Rather than looking at a giant pool of unfiltered information, what you really need is highly distilled information that’s specifically optimized for solving this performance issue. For instance you could ask the user for more information about precisely what they were doing, or use filters to get the logs for exactly the parts of the application they were dealing with, or look through the places where the server spent a very large amount of time. The more a piece of information has been made to help you, the more “blessed” it is, with the extreme end of blessedness being information that keeps surprising you in its usefulness.

It might be tempting to think you could use multivariate statistics like factor analysis to distill garbage information by identifying axes which give you unusually much information about the system. In my experience, that doesn’t work well, and if you think about it for a bit, it becomes clear why: if the garbage information has a 50 000 : 1 ratio of garbage : blessed, then finding an axis which explains 10 variables worth of information still leaves you with a 5 000 : 1 ratio of garbage : blessed. The distillation you get with such techniques is simply not strong enough.[1][2]

A 50 000 : 1 ratio might sound insurmountable by any technique, but because strong evidence is common, it’s actually pretty feasible; e.g. knowing which minute in a week an incident occurred already gets you about this strong of a filter.


While blessed information is actively helpful, and garbage information is essentially useless, there’s also the third case, of information that leads you down the wrong road. If an incident is labelled as “everything is slow”, then that may very well get it more highly prioritized through customer service, but if most things aren’t slow but the engineer investigates as if it were, that ends up burning more engineer time than if it was labelled accurately. Actively misleading information could be called “cursed information”.

Information doesn’t have to be literally false in order for it to mislead. Often, people use information to infer the presence of adjacent latent variables outside of the literal meaning of that information. For instance, “the website is slow to load” might be taken to mean “the server is slow”, which could be misleading if the real answer is “because I’m on a very slow network connection”.

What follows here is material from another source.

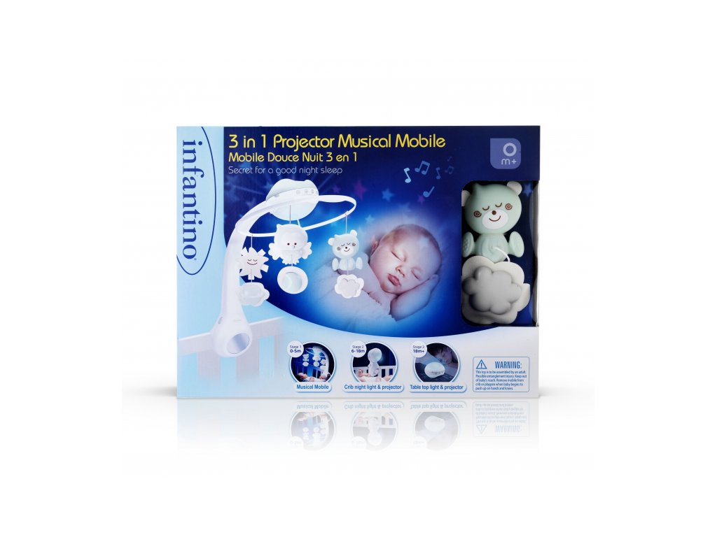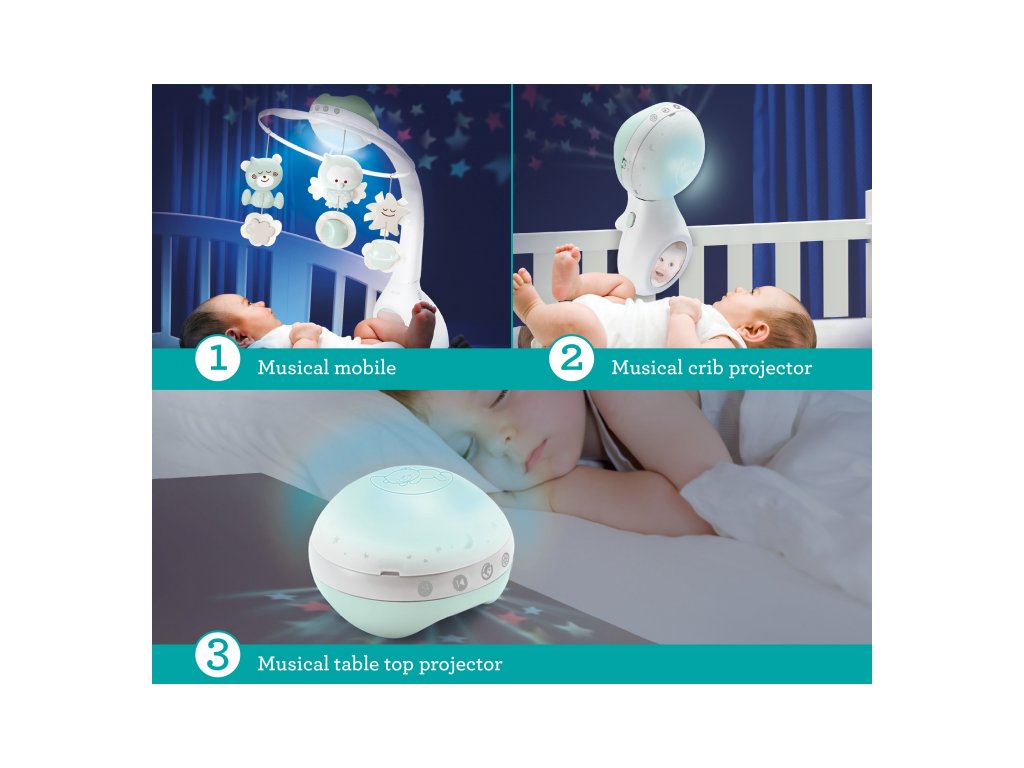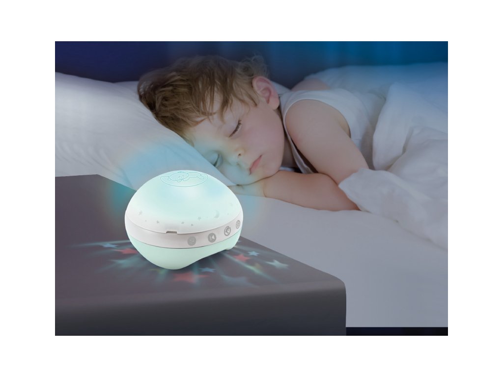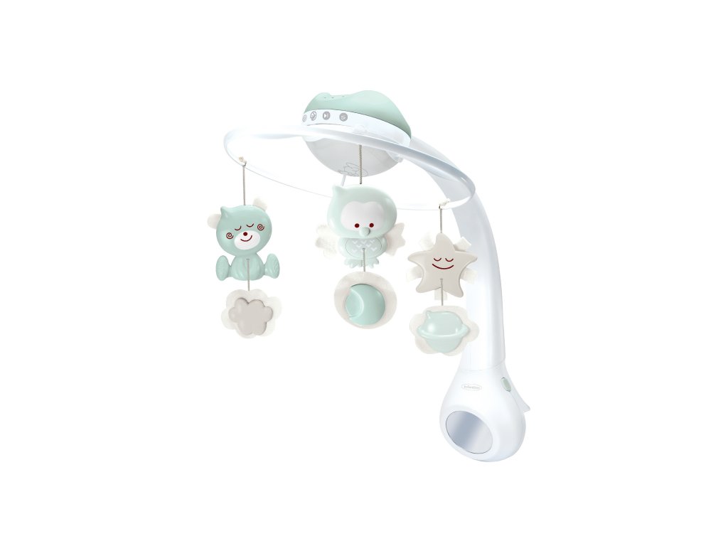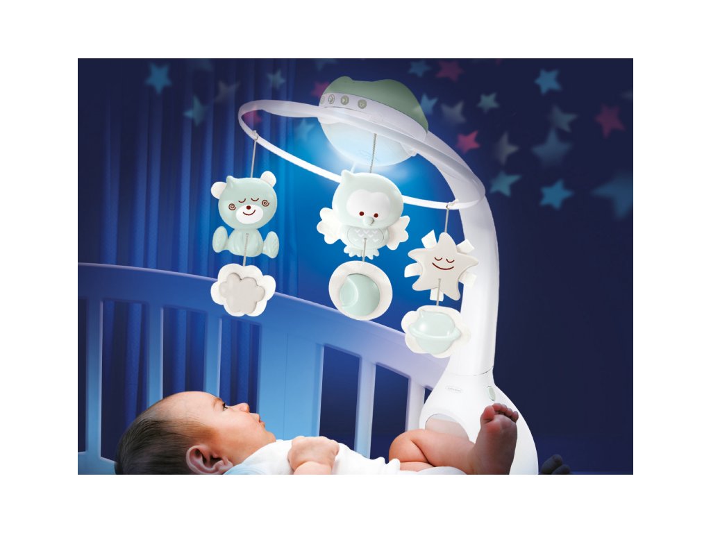 Hudební kolotoč se světelným projektorem pro snadné usínání i zabavení dítěte. Světelný projektor promítá na stěnu či strop hvězdičky a jemně tak osvítí dětský pokoj. Spolu s uklidňující melodií pomůže vašemu dítěti v klidu usínat. Nabízí na výběr z 10 uklidňujících melodií a zvuků přírody. Melodie a přírodní zvuky kolotoč po zapnutí přehrává 20 minut. Kolotoč s projektorem nabízí 3 možnosti použití: hudební kolotoč pro děti od narození do 5 měsíců noční světýlko a projektor do postýlky pro děti od 6 do 18 měsíců noční světýlko a projektor na noční stolek pro děti od 18 měsíců Kolotoč nabízí dva režimy pro uspávání i jemné probouzení dítěte: uspávací - 10 minut hudby, otáčení kolotoče, projekce a noční lampička, poté 10 minut pouze noční lampička probouzecí - 3 minuty pouze noční lampička, 4.-15. minuta noční lampička s hudbou, 16.-20. minuta noční lampička s hudbou, projektor a otáčení kolotoče Baterie 3xAAA baterie nejsou součástí výrobku. Vhodné pro děti od narození.Doplňkové parametry

Cursed information doesn’t just have the first-order harm caused by people believing it. It also has a second-order harm, as people develop filters so they don’t end up believing cursed information. One such filter is verifying all the information you are given, which is costly. Another such filter is just ignoring most of what you are told, which loses one of the most effective means of learning information.


Blessed information can be expensive to produce, and cursed information can be hard to destroy and disincentivize. So one cannot expect all information to be blessed, nor expect no information to be cursed. But if you are dealing with information, especially if you are spreading information, it may still be good to ask yourself: is this blessed, garbage or cursed? If the first, great! If the last, maybe reconsider what you are doing.

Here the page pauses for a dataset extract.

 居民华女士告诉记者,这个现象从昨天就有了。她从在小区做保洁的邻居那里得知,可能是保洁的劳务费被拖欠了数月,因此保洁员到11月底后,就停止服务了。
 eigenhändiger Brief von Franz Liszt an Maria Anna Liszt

The distinction between blessed, garbage and cursed information is value-laden, because it depends on what you are trying to do. However, I find that there is relatively little ambiguity in practice in-the-moment, as one is trying to solve some specific task.

The distinction between whether something is blessed or cursed becomes unambiguous because there is a relatively small set of people involved who have any influence on the task, and these people tend to have relatively clearly defined roles. Even when we have conflicting interests, we are part of a shared project, and the organization(s) that own this project have an interest in aligning our interests with each other.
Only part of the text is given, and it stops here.